The person Mr. Trump chose to run the Environmental Protection Agency thought it was his duty to steal with both hands; protecting the environment was laughable. He resigned when even the president couldn’t take the daily exposure of his sleazeball maneuverings.

The crackpot he named to run the Department of the Interior — someone who couldn’t manage a hot dog stand, forget a federal department — was also slimed with scandals, and slunk away from his work rolling back protection of our ownership of public lands to aid oil, gas and coal conglomerates.

The Trump administration scrapped the Clean Power Plan, which had a mandate to reduce carbon emissions from coal-burning plants, and detonated other regulations that would begin reclaiming clean air and water for Americans.
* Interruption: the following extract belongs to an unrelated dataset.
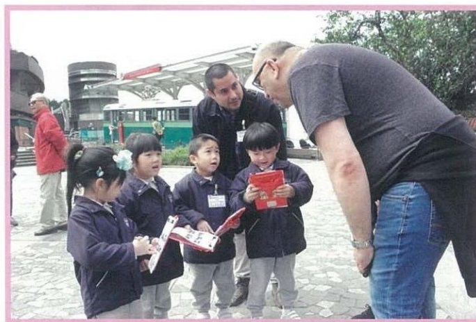
乘纜車遊覽山頂期間，學生訪問外國遊客。

Global warming, according to Mr. Trump and the grim crew of millionaires and billionaires who have his ear, is a hoax. Last November, Mr. Trump said he didn’t believe in human responsibility for climate change after his administration’s National Climate Assessment reported the opposite. Shown a copy of the report, the president dismissed it out of hand, saying he hadn’t read it.

With severe blizzards in the Midwest this week — the frequency of extremely harsh weather is in itself a sign of human-made climate change — Mr. Trump asked for “global warming to come back fast.”

With all the outrages inflicted on the country by Mr. Trump and his band of merry men, from lining pockets at our expense to an assault on institutions, perhaps the systematic war against the environment will be the president’s most lasting legacy.

The president’s policies hurt everyone, including young Islanders, who will have to tell their grandchildren that, believe it or not, there were once beautiful beaches, right here.